The province is bounded by the U.S. states of Washington, Idaho and Montana in the south, Alberta on the east, the Northwest Territories and the Yukon on the north and Alaska on the northwest. From south to north, B.C. stretches 1,200 kilometres, and from east to west, as much as 1,050 kilometres. Its deeply indented, island-dotted coastline extends 7,000 kilometres.

British Columbia is characterized by mountainous topography, but also has substantial areas of lowland and plateau country. The province has four basic regions: a northwesterly trending mountain system on the coast, a similar mountain system on the east, an extensive area of plateau and mountain country between the two, and a lowland segment of the continent's Great Plains in the northeastern part of the province.

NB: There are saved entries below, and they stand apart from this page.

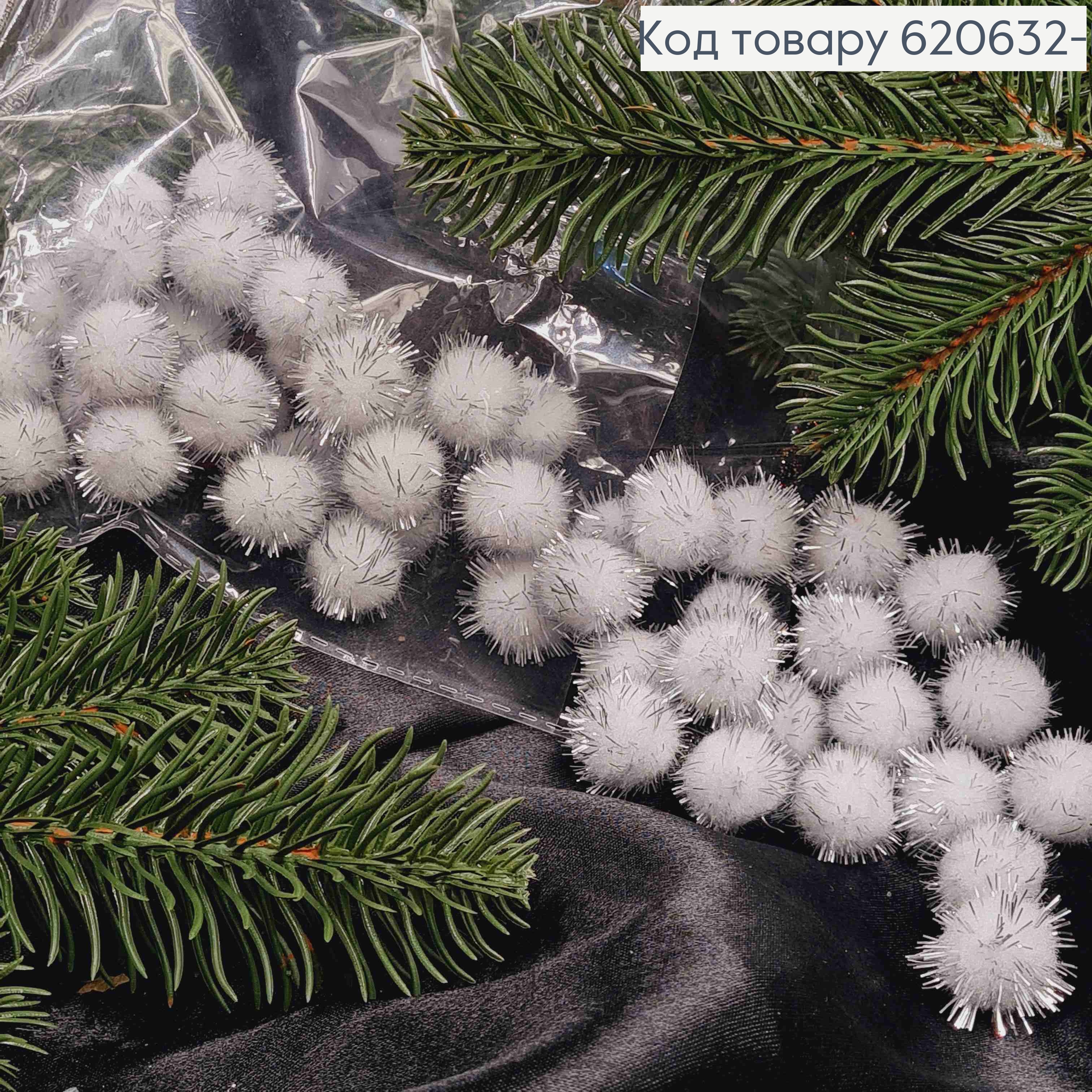 Помпоны с люрексом, 50шт/уп, БЕЛОГО цвета, 2,3см
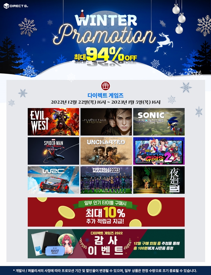... [자료제공 = H2 인터렉티브] 에이치투 인터렉티브(이하 H2 INTERACTIVE, 대표 허준하)는 디지털 유통 서비스인 다이렉트 게임즈에서 오늘(12월 22일)부터 겨울 할인 프로모션을 진행한다고 밝혔다. 다이렉트 게임즈에서 진행되는 이번 프로모션은 2022년 1
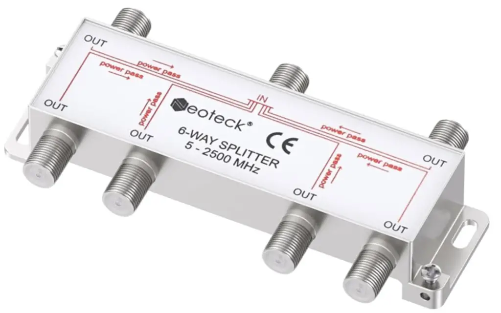 Monoprice has designed this 6-way coax cable splitter which comes with a specially built F-Type screw for VCR and cable TV antennas. One input and six outputs allow you to connect your computer, TV, modem, cable boxes, and other devices at the same time.
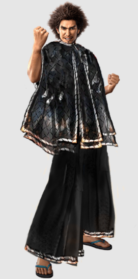 [ hi, you're pointing a gun at ichiban, who in addition to wearing a new outfit himself is covered in what seems to be rotten applesauce. his normally blown-out hair is... well, still mostly blown-out, but some parts of it are pressed flat against his head thanks to blood and guts and whatever else was thrown at him, look, he's been through it.
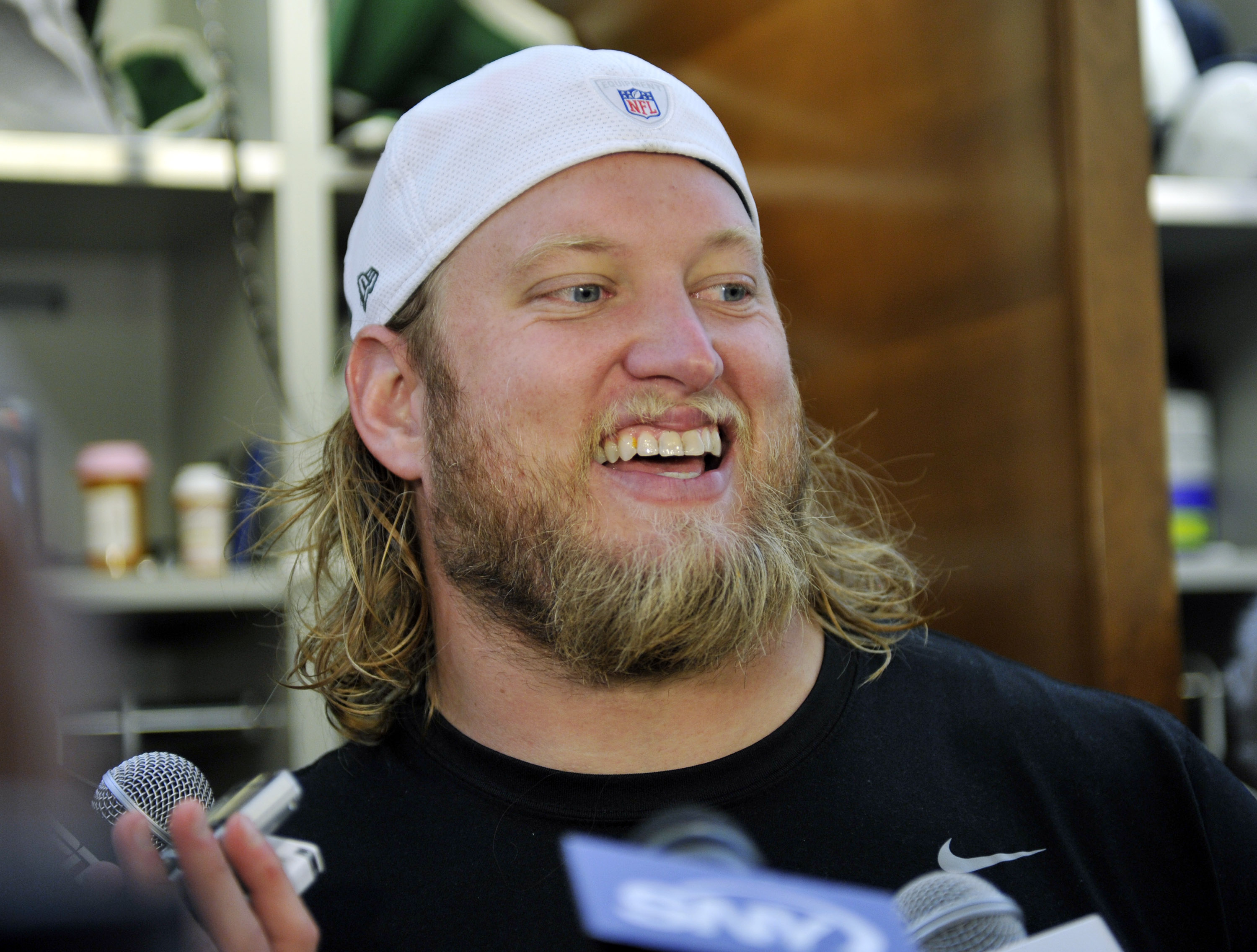 Jets center Nick Mangold speaking to the press shortly after arriving at New York Jets training camp in Florham Park, NJ. William Farrington

The province is blessed with an abundance of waterways in the form of rivers, lakes, streams and swamps. Freshwater surfaces total 1.8 million hectares. Major river systems include the Fraser, Columbia, Skeena and Peace Rivers.

B.C. has nearly 1,000 provincial parks and protected areas, attracting about 24 million visits every year. Since 2001, the provincial government has established 57 new parks, 143 conservancies, one ecological reserve and eight protected areas, and expanded more than 50 parks and six ecological reserves, protecting more than 1.9 million hectares (an area almost three times the size of Prince Edward Island.) This includes 200,000 hectares of habitat for the world-famous Spirit Bear, B.C.'s official mammal. Today, 14.26 per cent (or more than 13.5 million hectares) of British Columbia is protected – more than any other province in Canada.

British Columbia 25,725-kilometre coastline supports a large shipping industry through ice-free, deepwater ports.

Approximately 21% (20.3 million hectares) of British Columbia is rock or consists of alpine barren icefields and glaciers.

Approximately 62% of British Columbia is forest land, with 48 million hectares, or 51% productive forest.

Approximately 5% (4.04 million hectares) of British Columbia is arable and grazing land consisting of 2.6 million hectares cultivated land; 10 million hectares open range; and 0.4 million hectares Alpine and sub-Alpine range.